A multiple regression model (a regression having multi-variable) is referred to as a regression model having more than one predictor (independent and explanatory variable) to explain a response (dependent variable). We know that simple regression models have one predictor used to explain a single response, while in the case of multiple (multivariable) regression models, more than one predictor in the models. Simple regression models and multiple (multivariable) regression models can further be categorized as linear or non-linear regression models.

Note that linearity is not based on predictors or the addition of more predictors in the simple regression model; it is referred to as the parameter of variability (parameters attached to predictors). If the parameters of variability have a constant rate of change, then the models are referred to as linear models, whether it is a simple regression model or multiple (multivariable) regression models. It is assumed that the relationship between variables is considered linear, though this assumption can never be confirmed in the case of multiple linear regression.
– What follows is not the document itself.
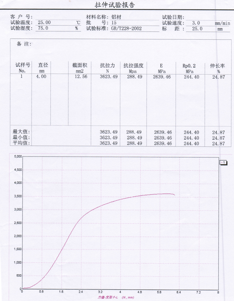 試樣(yàng)參數:直徑Ф4mm、標(biāo)準20、試驗速度:3mm/min

However, as a rule, it is better to look at a bivariate scatter diagram of the variable of interest, you check that there should be no curvature in the relationship. A scatter matrix plot is a more useful visualization between variables of interest.

The multiple regression model also allows us to determine the overall fit (which is known as variance explained) of the model and the relative contribution of each of the predictors to the total variance explained (overall fit of the model). For example, one may be interested to know how much of the variation in exam performance can be explained by the following predictors such as revision time, test anxiety, lecture attendance, and gender, “as a whole”, but also the “relative contribution” of each independent variable in explaining the variance.
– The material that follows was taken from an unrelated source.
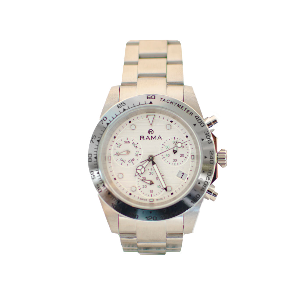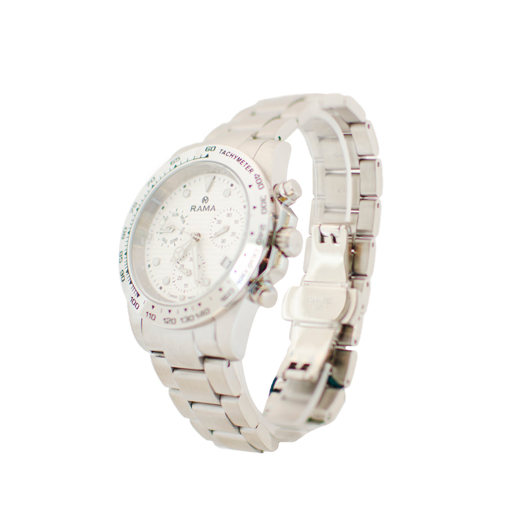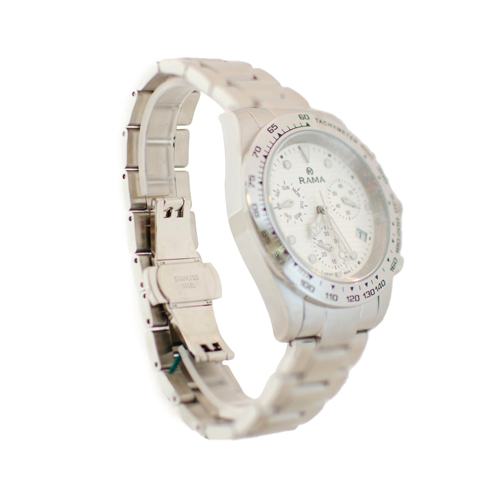 Rama mens watch stainless steel metal bracelet with white chrono dial quartz

General Form of Multiple Regression Model

A multiple regression model has the form

\[y=\alpha+\beta_1 x_1+\beta_2 x_2+\cdots+\beta_k x_k+\varepsilon\]

Here $y$ is a continuous variable and $x$’s are known as predictors, which may be continuous, categorical, or discrete. The above model is referred to as a linear multiple (multivariable) regression model.

Multiple Regression Model

Example of Multiple Regression Model

For example prediction of college GPA by using high school GPA, test scores, time given to study, and rating of high school as predictors.
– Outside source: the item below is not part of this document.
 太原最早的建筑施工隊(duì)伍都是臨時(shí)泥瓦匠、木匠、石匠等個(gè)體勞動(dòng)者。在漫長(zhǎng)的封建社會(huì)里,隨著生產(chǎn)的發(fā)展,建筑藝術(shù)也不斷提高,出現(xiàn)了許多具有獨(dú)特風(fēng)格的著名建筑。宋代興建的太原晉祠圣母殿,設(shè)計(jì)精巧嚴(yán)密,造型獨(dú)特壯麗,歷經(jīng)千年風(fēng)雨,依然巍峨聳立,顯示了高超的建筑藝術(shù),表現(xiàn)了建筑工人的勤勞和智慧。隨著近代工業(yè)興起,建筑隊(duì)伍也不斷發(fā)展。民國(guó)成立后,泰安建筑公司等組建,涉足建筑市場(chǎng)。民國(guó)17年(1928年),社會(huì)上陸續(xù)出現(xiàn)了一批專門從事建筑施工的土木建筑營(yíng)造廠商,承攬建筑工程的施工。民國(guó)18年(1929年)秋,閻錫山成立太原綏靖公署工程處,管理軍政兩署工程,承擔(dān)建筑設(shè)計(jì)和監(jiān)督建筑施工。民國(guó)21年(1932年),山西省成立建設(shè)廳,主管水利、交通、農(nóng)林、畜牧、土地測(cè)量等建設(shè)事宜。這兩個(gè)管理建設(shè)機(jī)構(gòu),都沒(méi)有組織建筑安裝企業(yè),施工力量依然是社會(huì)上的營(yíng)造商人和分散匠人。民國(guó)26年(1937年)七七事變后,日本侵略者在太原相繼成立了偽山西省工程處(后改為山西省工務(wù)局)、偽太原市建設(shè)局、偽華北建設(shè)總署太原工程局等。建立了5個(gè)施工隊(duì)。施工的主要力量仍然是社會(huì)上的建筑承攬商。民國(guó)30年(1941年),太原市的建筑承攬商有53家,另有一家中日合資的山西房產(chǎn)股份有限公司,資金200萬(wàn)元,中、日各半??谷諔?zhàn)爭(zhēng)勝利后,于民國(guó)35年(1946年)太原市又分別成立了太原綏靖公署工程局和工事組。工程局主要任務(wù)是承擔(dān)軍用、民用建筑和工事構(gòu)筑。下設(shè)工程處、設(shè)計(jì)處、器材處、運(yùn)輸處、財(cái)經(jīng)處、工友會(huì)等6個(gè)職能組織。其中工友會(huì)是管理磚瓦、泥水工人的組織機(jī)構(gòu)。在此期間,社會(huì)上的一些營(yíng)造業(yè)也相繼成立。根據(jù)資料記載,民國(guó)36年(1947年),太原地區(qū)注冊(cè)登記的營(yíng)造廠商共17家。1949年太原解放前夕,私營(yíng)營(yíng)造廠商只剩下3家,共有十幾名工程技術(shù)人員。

  • How rainfall, temperature, and the amount of fertilizer impact and affect crop growth
  • Influence of various factors (such as cholesterol, blood pressure, or diabetes) on health outcomes
  • Blood pressure depends on variables, for example, gender, age, height, weight, exercise, diet, and medication.
  • The Weight of a person is linearly related to their height and age.
  • Studying the effect of education, gender, and profession on income.
  • The price of a house depends on the size of the house, the number of rooms, the community, the facilities available, etc.

Assumptions of the Multiple Regression Model

Multiple regression models also have some assumptions that need to be followed or fulfilled. For example, the residuals should be normally distributed. There should be no collinearity/ multicollinearity among the regressors/ independent variables. The variance of error terms should be homoscedastic, and error terms should not be correlated (no autocorrelation).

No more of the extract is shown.